The new Financial Intelligence Centre Act (FICA) addresses money-laundering head-on for the first time in SA. Businesses having to comply with the new Act will welcome business intelligence software now available to help detect and report on suspicious transactions, as required by the Act.

SA plays a notorious role in the international money laundering scene. Finance minister Trevor Manuel recently estimated the amount of illegitimate money flowing through this country as between R2 billion and R8 billion, out of a total of approximately R600 billion.

The Financial Intelligence Centre Act of 2001, certain chapters of which recently came into operation, aims to crack down on money laundering. Certain bodies are now obliged to identify and verify their clients, and businesses have to report on suspicious transactions to the Financial Intelligence Centre.

"The Act seeks to identify the proceeds of unlawful activities, and combat money laundering," says Bill Hoggarth, managing director of SAS SA. "Through it, the government is telling business people they had better wake up to the new reality. They will now be imprisoned if they do not proactively report on unusual transactions which may indicate that money is being 'cleansed'."

The Act places an obligation on all employees - if they fail to report suspicious transactions they are liable for imprisonment of up to 15 years. It compels companies to identify current and new clients, and keep records of transactions and clients.

"On the whole, South African business is unprepared for this new legislation," says Hoggarth.

SAS, the leader in business intelligence, however, has been working in this field for a number of years and has the technology and expertise to help. The company can assist in detecting money laundering, and lower the costs associated with this detective work.

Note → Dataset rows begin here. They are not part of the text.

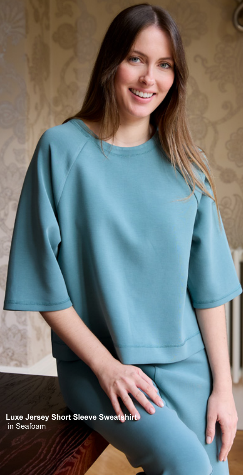
Luxe Jersey Short Sleeve Sweatshirt in Seafoam
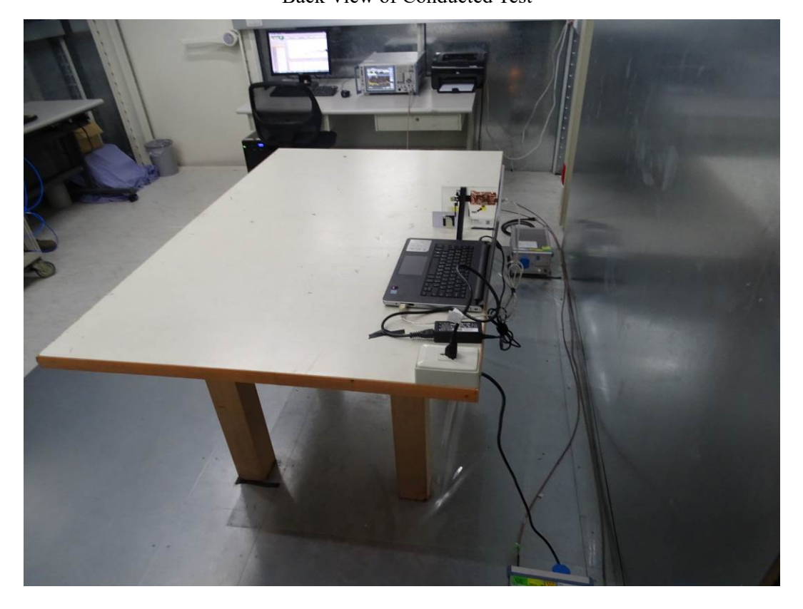
Page : 1 of 2
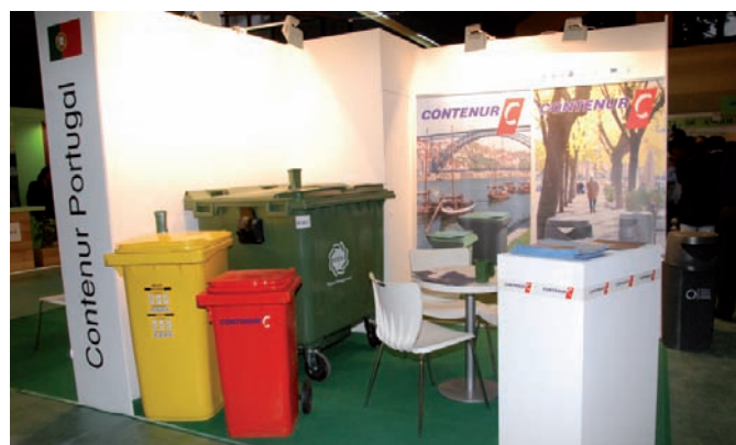
Showcasing our products in Angola.

Contenur's presence at Ambiente Angola forms part of the strategy for internationalisation, growth and customer outreach which the company has been working on for years.
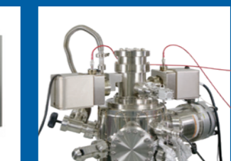
Nanoelectronics Manufacture and Control
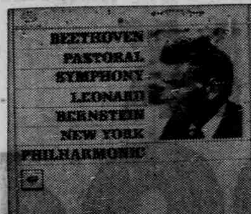
ML 5949/MS 6549 Stereo

Columbia's new, exciting folk artist has a new LP this month called "It's a Dog's Life."
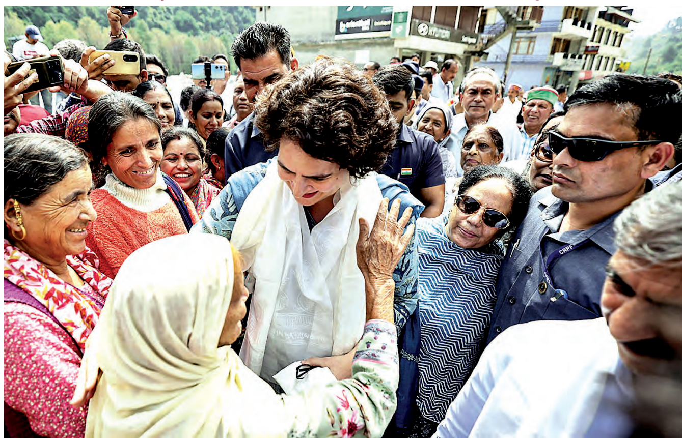
AICC General Secretary Priyanka Gandhi Vadra meets families affected by rainfall-triggered flooding in Manali, Himachal Pradesh, Tuesday, Sept. 12.
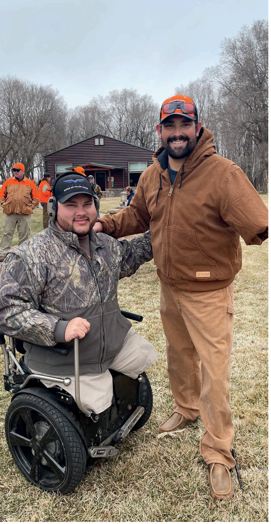
Veterans enjoying their stay at Wings of Valor.
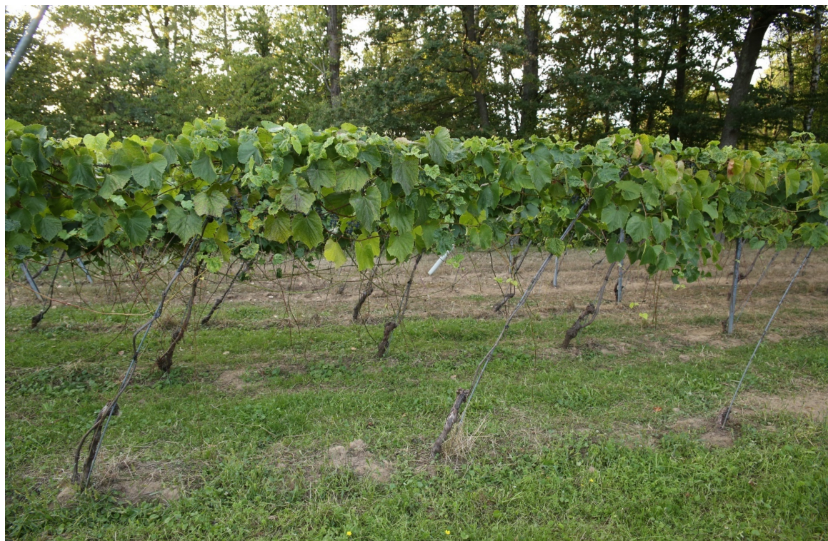
Figure 2. Sheep-grazed vineyard with a top-wire cordon training (hanging cane). Here, the wire is at ~160 cm height.
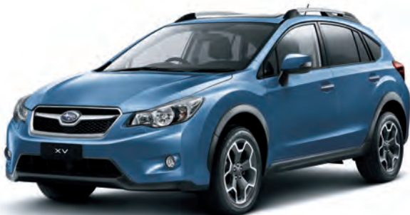
QUARTZ BLUE PEARL
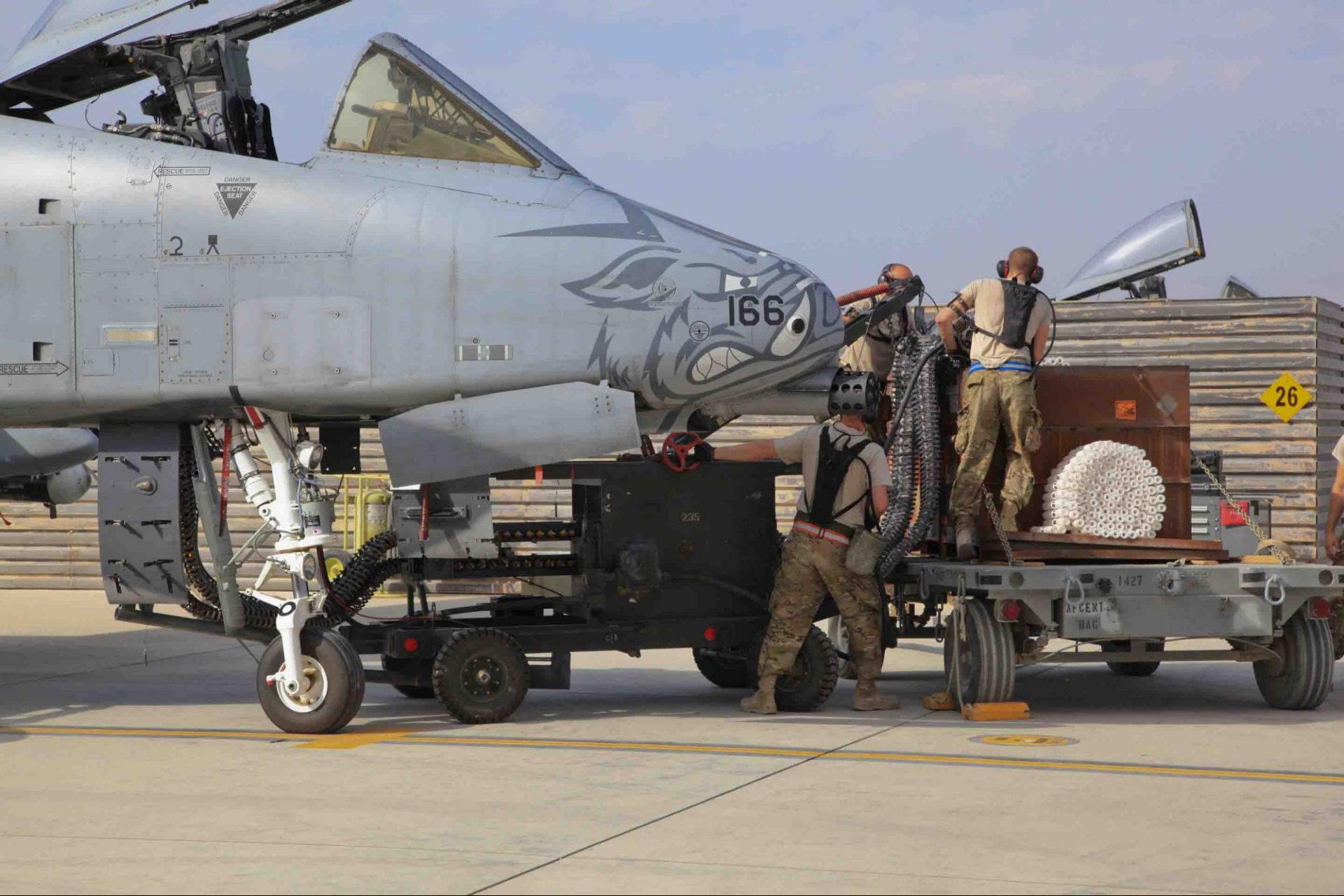
U.S. Airmen assigned to the 455th Expeditionary Maintenance Squadron (EAMXS), load 30 mm ammunition onto an A-10 Thunderbolt II aircraft on Bagram Airfield, Parwan province, Afghanistan, Sept. 2, 2012. The 455th EAMXS provides combat-ready aircraft and munitions to the air component commander throughout Afghanistan.
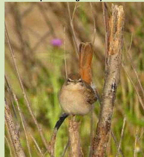
One of three Rufous Bush Robins seen together by the Tsiknias River
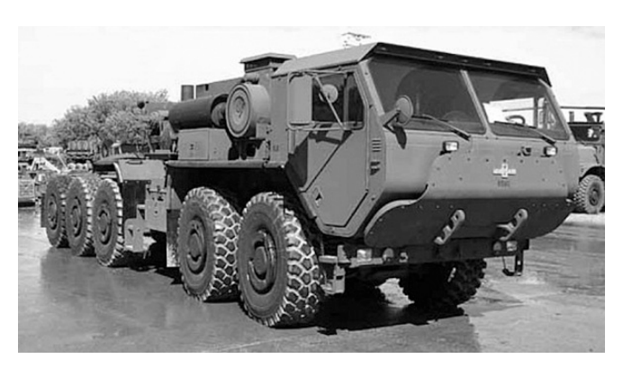
Figure 6-1. Logistics Vehicle System Replacement.

The Marine Corps has a wide range of tactical vehicles used during day-to-day operations to satisfy units' external overland transportation requirements. The MLGs have the bulk of these assets to support the resident MEF. These vehicles range from high mobility multipurpose wheeled vehicles (HMMWVs) to the heavy-lift logistics vehicle system replacement (see fig. 6-1). Marine Corps TM 11240-15/4C, Motor Transport Technical Characteristics Manual , lists fielded motor transport assets.
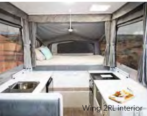
Wing 2RL interior
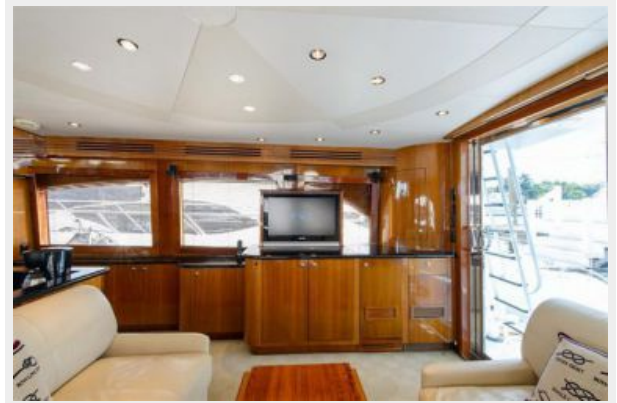
Salon Looking to Starboard
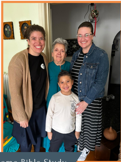
Home Bible Study
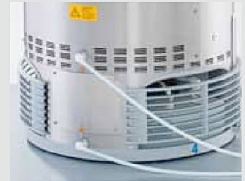
Controlled exhaust air routing
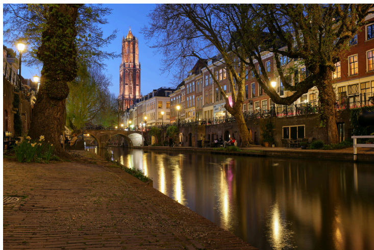
The Bailiwick of Utrecht; Utrecht City
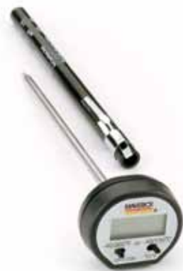
DT-01 CHEF'S DIGITAL INSTANT READ Protective Pocket Sleeve Included -50°F to +392°F / -45°C to +200°C
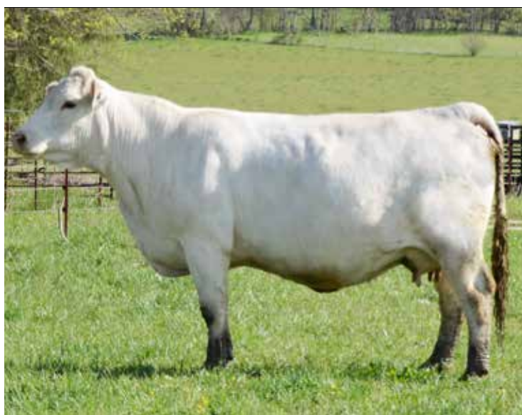
M6 MS FRESH NANCY 4136 P SELLS AS LOT 22

DUE before the sale to M6 Law & Order 577. Law & Order is a son of the top selling M6 Ms New Nancy 274. A daughter of the top selling M6 Ms 761 Nancy 6100 P ET that went to Double-H and contributed highly to the whole M6 program. 2017's dam sells as Lot 22, so you get evaluate the whole family! The guess work is out on this exceptional prospect and will have a calf at side to prove her worth!

"We are in a unique position to provide an end-to-end solution to businesses and government alike, as they seek to enforce the stamping out of money laundering activity in SA," says Hoggarth.

SAS globally has recently announced an anti-money laundering solution which enables financial institutions to detect and report criminal financial activities more effectively, thus reducing risk, meeting government regulations, and protecting shareholder and consumer confidence.

"In SA, we are also working in close partnership with SITA to explore how government can best provide the technology required to both prevent, and report on, money laundering," says Hoggarth.

The anti-money laundering solution from SAS provides organisations with the ability to refine detection measures and logic to more accurately report exceptions throughout the enterprise. The capability to 'tune' the solution increases detection rates while reducing the number of false positives.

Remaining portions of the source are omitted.